= Beginning of Section =
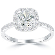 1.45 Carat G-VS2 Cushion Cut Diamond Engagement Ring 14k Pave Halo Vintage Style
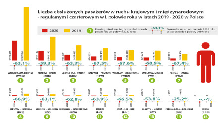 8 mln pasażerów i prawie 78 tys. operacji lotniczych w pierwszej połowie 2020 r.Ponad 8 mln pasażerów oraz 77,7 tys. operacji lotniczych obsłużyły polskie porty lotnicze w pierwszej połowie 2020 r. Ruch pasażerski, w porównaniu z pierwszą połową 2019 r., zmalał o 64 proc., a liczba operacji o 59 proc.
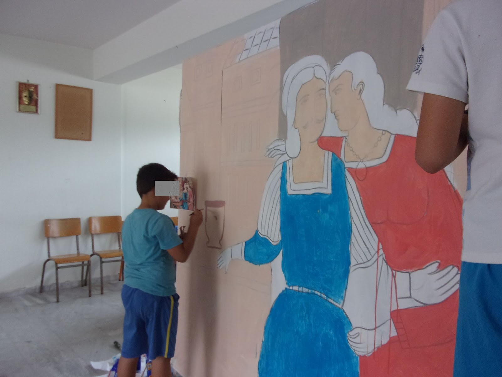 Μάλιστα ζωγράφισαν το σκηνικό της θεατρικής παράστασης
= End of Section =
= Beginning of Section =
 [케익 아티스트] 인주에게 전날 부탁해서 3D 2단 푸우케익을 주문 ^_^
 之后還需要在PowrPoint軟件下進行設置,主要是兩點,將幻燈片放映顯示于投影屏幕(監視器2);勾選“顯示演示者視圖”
= End of Section =
TASK DETAILS:
Because only one stretch of the records is wanted, please output the lines from the one holding "1.45 Carat G-VS2" through the one holding "Μάλιστα ζωγράφισαν το" exactly, both included, and leave every picture out.

FINAL ANSWER:
 1.45 Carat G-VS2 Cushion Cut Diamond Engagement Ring 14k Pave Halo Vintage Style
 8 mln pasażerów i prawie 78 tys. operacji lotniczych w pierwszej połowie 2020 r.Ponad 8 mln pasażerów oraz 77,7 tys. operacji lotniczych obsłużyły polskie porty lotnicze w pierwszej połowie 2020 r. Ruch pasażerski, w porównaniu z pierwszą połową 2019 r., zmalał o 64 proc., a liczba operacji o 59 proc.
 Μάλιστα ζωγράφισαν το σκηνικό της θεατρικής παράστασης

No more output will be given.